» Given information:
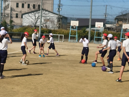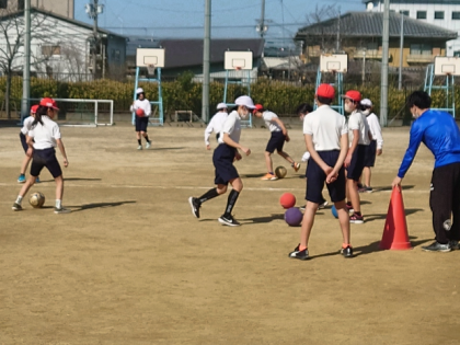体育科の時間は、運動場でサッカーの学習をしています。
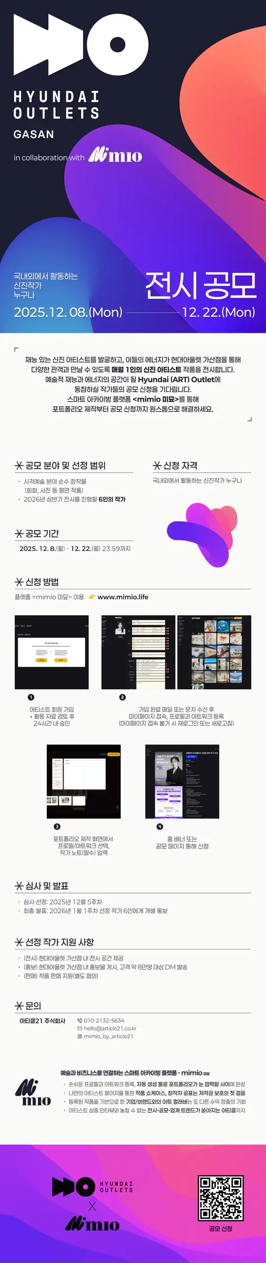 재능 있는 신진 아티스트를 발굴하고, 이들의 에너지가 현대아울렛 가산점을 통해 다양한 관객과 만날 수 있도록 매월 1인의 신진 아티스트 작품을 전시합니다. 예술적 재능과 에너지의 공간이 될 Hyundai (ART) Outlet에 동참하실 작가들의 공모 신청을 기다립니다 ...
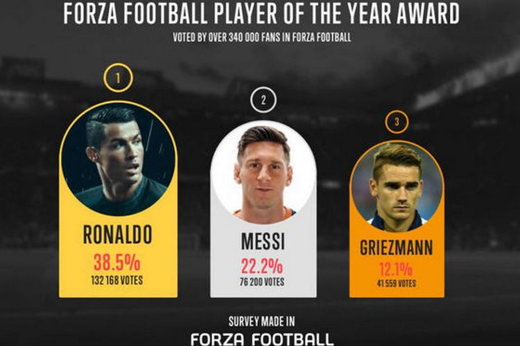Криштиану Роналду стал игроком года по мнению пользователей приложения Forza Football, опередив Лионеля Месси и Антуана Гризманна. В голосовании приняло участие 350 000 футбольных болельщиков по всему миру.
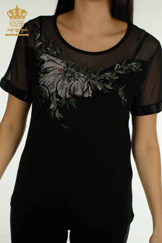 Venta al por mayor Blusa de Mujer Color Piedra Bordado Manga Corta Patrón Floral Tul Detallado Negro - 79106 | kazee
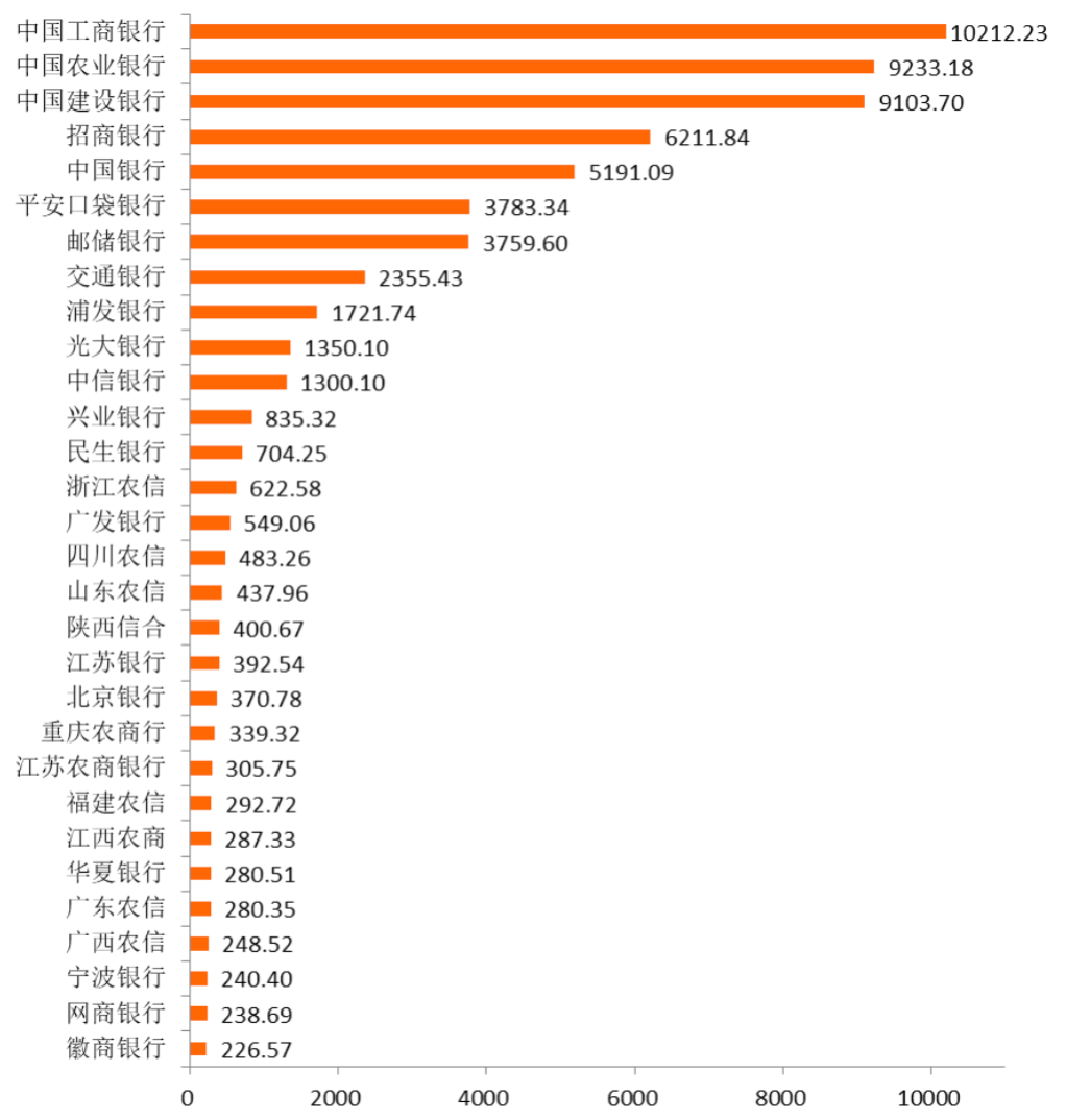 從月活躍用戶數(shù)來(lái)看,根據(jù)第三方權(quán)威數(shù)據(jù)分析機(jī)構(gòu)——易觀Analysys發(fā)布的數(shù)據(jù),截至2021年10月,MAU排名前30名主要以國(guó)有大行、全國(guó)性股份制銀行為主,其中前3甲均為國(guó)有大行,分別為工商銀行1.02億、農(nóng)業(yè)銀行0.92億、建設(shè)銀行0.91億。同時(shí),拼搶“零售之王”的招商銀行與平安銀行,MAU分別排在第4位與第6位,超越了部分股份制銀行。
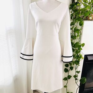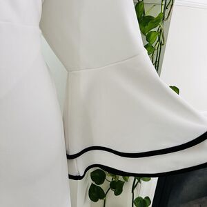 Vintage Inspired Retro 60's Style White Black Trim Bell Sleeve Dress Plus 2X 3X
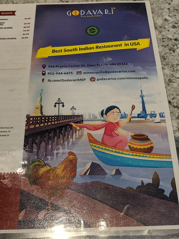 Godavari, Menu Published March 2, 2021, 21:50 at 600 × 800 in Pandemic Takeout 47: Back to Godavari (Eden Prairie, MN) ← Previous Next →
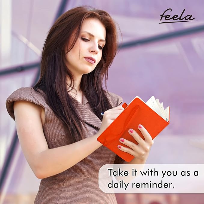 feela 3 Pack Notebooks Journals Bulk with 3 Black Pens, A5 Hardcover Notebook Classic Ruled Lined Journal Set with Pen Holder for Work Business Journaling Note Taking, 120 GSM, 5.1”x8.3”, Orange
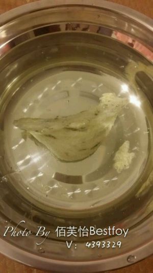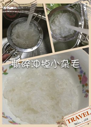 泡发后,将燕窝撕开,燕角比较难泡发开,可以拿手捏一下。燕脚撕开为片状。拿漏勺在流动水下冲洗下,过滤掉小细毛
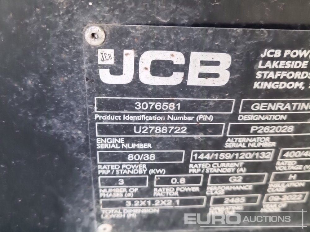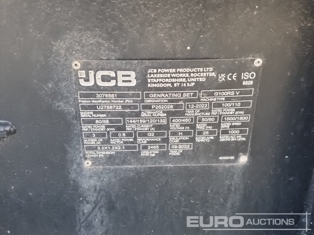 2022 JCB G100RS 100kVA Generator, 4 Cylinder Engine - 3076581
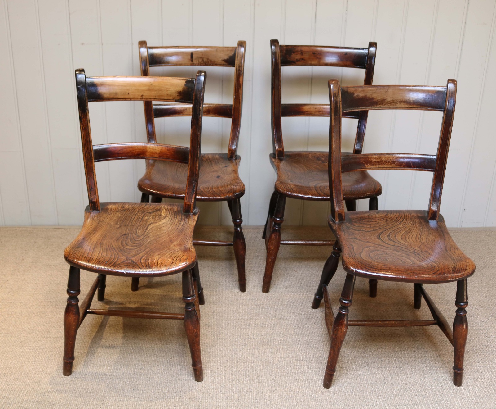 Set of Four Beech & Elm Dining Chairs c.1890
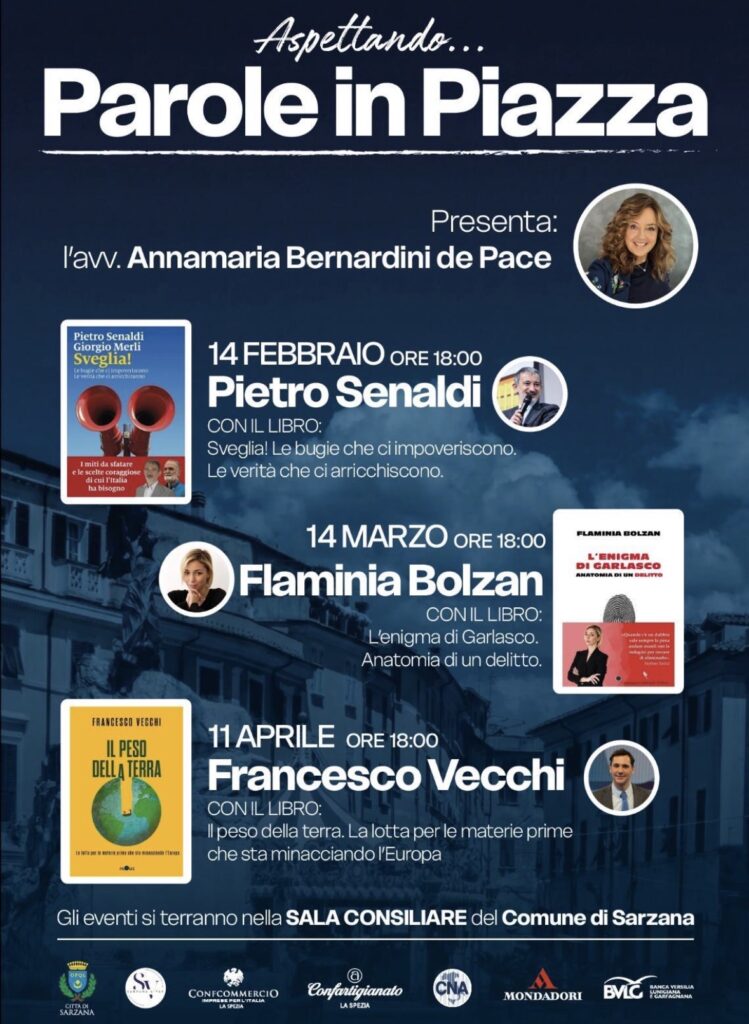 Sarzana si prepara ad accogliere una nuova edizione di Parole in Piazza con un ciclo di incontri che anticipano il festival: “Aspettando Parole in Piazza”. Tre appuntamenti tra febbraio e aprile 2026 porteranno in città giornalisti, scrittori e protagonisti del dibattito contemporaneo per presentazioni e dialoghi aperti al pubblico.
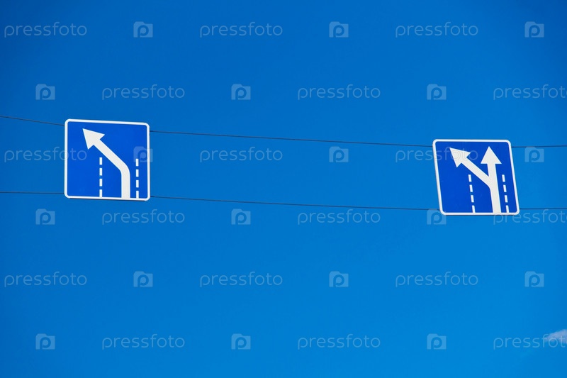 Дорожные знаки на проводе и небо
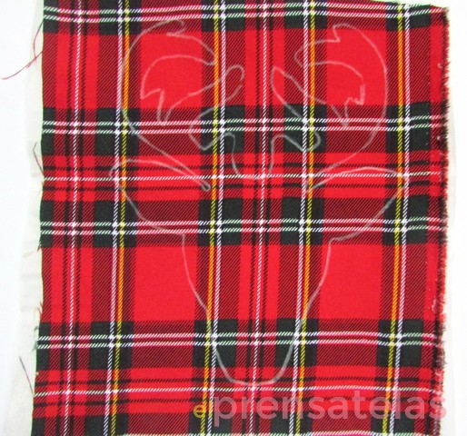 Corto un trozo de tela suficiente para que quepa el motivo y pego la fliselina en la parte posterior, dejando el papel:

» What to produce:
Please reproduce every entry above exactly, but leave out the pictures.

» Output of the task:
体育科の時間は、運動場でサッカーの学習をしています。
 재능 있는 신진 아티스트를 발굴하고, 이들의 에너지가 현대아울렛 가산점을 통해 다양한 관객과 만날 수 있도록 매월 1인의 신진 아티스트 작품을 전시합니다. 예술적 재능과 에너지의 공간이 될 Hyundai (ART) Outlet에 동참하실 작가들의 공모 신청을 기다립니다 ...
Криштиану Роналду стал игроком года по мнению пользователей приложения Forza Football, опередив Лионеля Месси и Антуана Гризманна. В голосовании приняло участие 350 000 футбольных болельщиков по всему миру.
 Venta al por mayor Blusa de Mujer Color Piedra Bordado Manga Corta Patrón Floral Tul Detallado Negro - 79106 | kazee
 從月活躍用戶數(shù)來(lái)看,根據(jù)第三方權(quán)威數(shù)據(jù)分析機(jī)構(gòu)——易觀Analysys發(fā)布的數(shù)據(jù),截至2021年10月,MAU排名前30名主要以國(guó)有大行、全國(guó)性股份制銀行為主,其中前3甲均為國(guó)有大行,分別為工商銀行1.02億、農(nóng)業(yè)銀行0.92億、建設(shè)銀行0.91億。同時(shí),拼搶“零售之王”的招商銀行與平安銀行,MAU分別排在第4位與第6位,超越了部分股份制銀行。
 Vintage Inspired Retro 60's Style White Black Trim Bell Sleeve Dress Plus 2X 3X
 Godavari, Menu Published March 2, 2021, 21:50 at 600 × 800 in Pandemic Takeout 47: Back to Godavari (Eden Prairie, MN) ← Previous Next →
 feela 3 Pack Notebooks Journals Bulk with 3 Black Pens, A5 Hardcover Notebook Classic Ruled Lined Journal Set with Pen Holder for Work Business Journaling Note Taking, 120 GSM, 5.1”x8.3”, Orange
 泡发后,将燕窝撕开,燕角比较难泡发开,可以拿手捏一下。燕脚撕开为片状。拿漏勺在流动水下冲洗下,过滤掉小细毛
 2022 JCB G100RS 100kVA Generator, 4 Cylinder Engine - 3076581
 Set of Four Beech & Elm Dining Chairs c.1890
 Sarzana si prepara ad accogliere una nuova edizione di Parole in Piazza con un ciclo di incontri che anticipano il festival: “Aspettando Parole in Piazza”. Tre appuntamenti tra febbraio e aprile 2026 porteranno in città giornalisti, scrittori e protagonisti del dibattito contemporaneo per presentazioni e dialoghi aperti al pubblico.
 Дорожные знаки на проводе и небо
 Corto un trozo de tela suficiente para que quepa el motivo y pego la fliselina en la parte posterior, dejando el papel:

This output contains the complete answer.